- **Task directions**
The entries are to be reproduced word for word, with all images left out.

- **Supplied information**
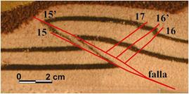 En la Figura 4 se muestran diferentes cortes trasversales en la prueba n°15, en la que se resaltan las fallas generadas en la cuña bivergente. Estas fallas se enumeraron (Figura 4c) según el orden cronológico de crecimiento.
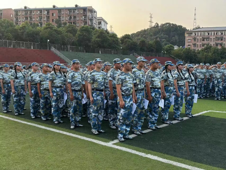 在炽热的阳光下,同学们身着迷彩服,站姿如松。随着教官铿锵有力的口令,他们整齐划一的执行着稍息、转向、齐步等指令。他们的动作迅速而准确,每一个动作都充满着力量和节奏感,展现了军人的敏捷和团队精神。红歌晚会上,新生们在教官的带领下,唱着一首首振奋人心的军歌,歌声响彻云霄,激发了同学们的爱国热情。
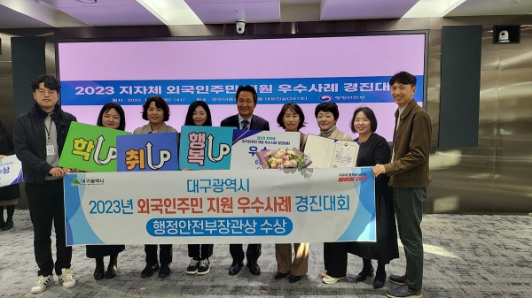 [충청뉴스큐] 대구광역시는 21일 행정안전부 주관 ‘2023년 전국 외국인주민 지원 우수사례 경진대회’에서 ‘결혼이민자 인재양성 - 모국에서 못다 한 공부 한국에서 이어가요’ 사례로 우수상을 차지해 특별교부세 6천만원을 받게 됐다.
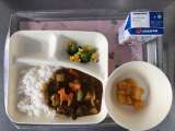 献立は「冬野菜のカレーライス・ブロッコリーとコーンのサラダ・黄桃(カット缶)・牛...
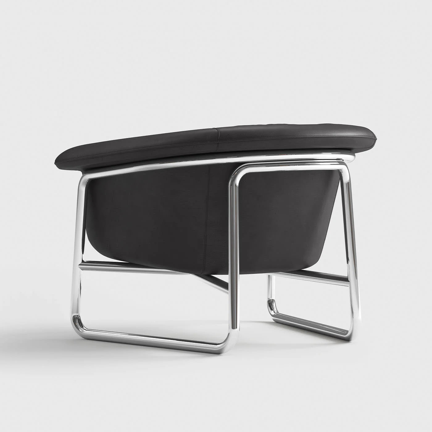 FERNANDA is an armchair with metal structure, upholstered with leather.
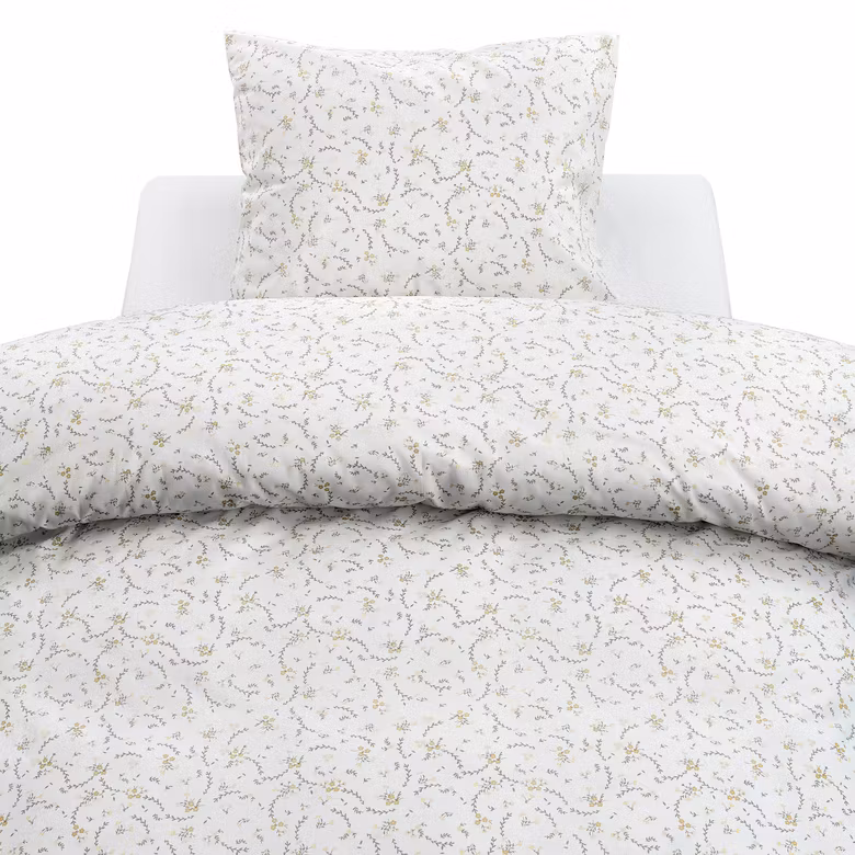Bäddsetet är tillverkat i 100 % bomull, vilket ger en mjuk och behaglig känsla mot huden. Bomullens naturliga andningsförmåga bidrar till en skön sovkomfort året runt.

- **Task result**
 En la Figura 4 se muestran diferentes cortes trasversales en la prueba n°15, en la que se resaltan las fallas generadas en la cuña bivergente. Estas fallas se enumeraron (Figura 4c) según el orden cronológico de crecimiento.
 在炽热的阳光下,同学们身着迷彩服,站姿如松。随着教官铿锵有力的口令,他们整齐划一的执行着稍息、转向、齐步等指令。他们的动作迅速而准确,每一个动作都充满着力量和节奏感,展现了军人的敏捷和团队精神。红歌晚会上,新生们在教官的带领下,唱着一首首振奋人心的军歌,歌声响彻云霄,激发了同学们的爱国热情。
 [충청뉴스큐] 대구광역시는 21일 행정안전부 주관 ‘2023년 전국 외국인주민 지원 우수사례 경진대회’에서 ‘결혼이민자 인재양성 - 모국에서 못다 한 공부 한국에서 이어가요’ 사례로 우수상을 차지해 특별교부세 6천만원을 받게 됐다.
 献立は「冬野菜のカレーライス・ブロッコリーとコーンのサラダ・黄桃(カット缶)・牛...
 FERNANDA is an armchair with metal structure, upholstered with leather.
Bäddsetet är tillverkat i 100 % bomull, vilket ger en mjuk och behaglig känsla mot huden. Bomullens naturliga andningsförmåga bidrar till en skön sovkomfort året runt.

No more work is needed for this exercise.